Insufficient tuberculosis (TB) case finding constitutes a major barrier to effective TB control. Despite considerable progress in improving healthcare service availability and accessibility, many people worldwide who fall ill with TB have no access to quality care, particularly in countries with a high disease burden. For example, in 2016, a total of 6.3 million TB cases were reported to national TB control programmes (NTPs) worldwide, leaving a case detection gap of nearly 40% (an estimated 10.4 million people had TB that year) (1). Increasing efforts to close this enormous gap will be crucial in the forthcoming years to effectively reduce TB incidence and mortality worldwide. This article describes opportunities, current challenges and open questions towards intensifying TB case finding.
Failure to find TB – consequences to individuals and populations
Failure to timely identify and treat TB has serious implications for affected individuals, their families, and entire populations. Progressive undiagnosed disease is likely to result in severe, chronic or recurring illness, disability and loss in quality of life. Chronic or recurring disease also leads to inability to work and loss of income, causing poverty and catastrophic costs to individuals and their families (2). Ultimately, not finding and treating TB leads to loss of lives. Historical studies from the pre-chemotherapy (and pre-HIV) era show that 50% of individuals with untreated TB died within five years; of those who survived, more than one-third continued to suffer from infectious TB (3). Ten-year case fatality rates of untreated TB between 53 and 86% have been reported among smear-positive, HIV-uninfected people, with an average duration between disease onset and either natural recovery or death of approximately three years (4). A high mortality of untreated TB is expected among people living with HIV infection, with an estimated average survival time of less than six months (4) compared to an average duration to either self-cure or death of 3 years among HIV-uninfected people (4)

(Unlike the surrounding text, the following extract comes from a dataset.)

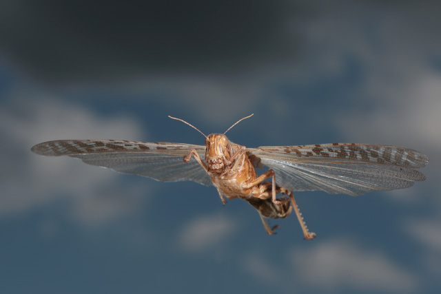 Selbstverständlich arbeiten wir viel häufiger mit lebenden Wanderheuschrecken, als mit Präparaten. Falls ein Tier in seiner Filmrolle stirbt, wird ein Präparat oder eine Häutung eingesetzt.
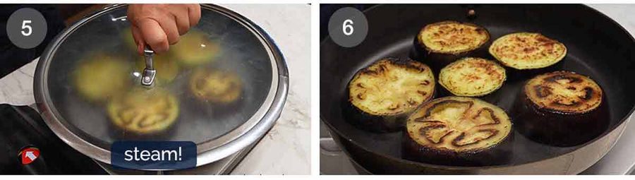 Pan-steam – Quickly put the lid on to trap the steam to cook the eggplant. Leave it for 2 minutes or until the water has evaporated.

Delayed and insufficient TB case finding increases potential for onward transmission (5). Prevalence studies from several high burden communities in Southern African have documented large burdens of undetected TB (6-8). Individuals who fall ill with TB may live in a community for a long time before being detected and treated: for example, durations of infectiousness before diagnosis of up to 2 years have been estimated in Zimbabwe (9). This prolonged and undetected infectious TB increases population-wide transmission, undermining the impact of treatment programs on local disease epidemiology.
Opportunities for intensifying TB case finding
TB control programs worldwide traditionally rely on passive case finding (PCF), i.e. the self-presentation of symptomatic individuals (“presumptive cases”) to health services to be diagnosed with TB. The World Health Organization (WHO) advocates the use of because actively searching for TB cases was deemed “prohibitively expensive” (10) while its impact on transmission was uncertain. An important limitation of PCF is that it relies on TB-specific symptoms (including cough for at least 2 weeks, fever, night sweats, weight loss) to be recognized (and reported) before individuals seek care and are evaluated for TB. Furthermore, low sensitivity and specificity of symptoms for active TB and under-recognition/under-reporting of symptoms poses a common barrier to timely diagnosis (11). Given the enormous case finding gap, there is consensus across the WHO and its partners that additional efforts are needed to promptly find, diagnose and treat TB to reduce morbidity, mortality and transmission.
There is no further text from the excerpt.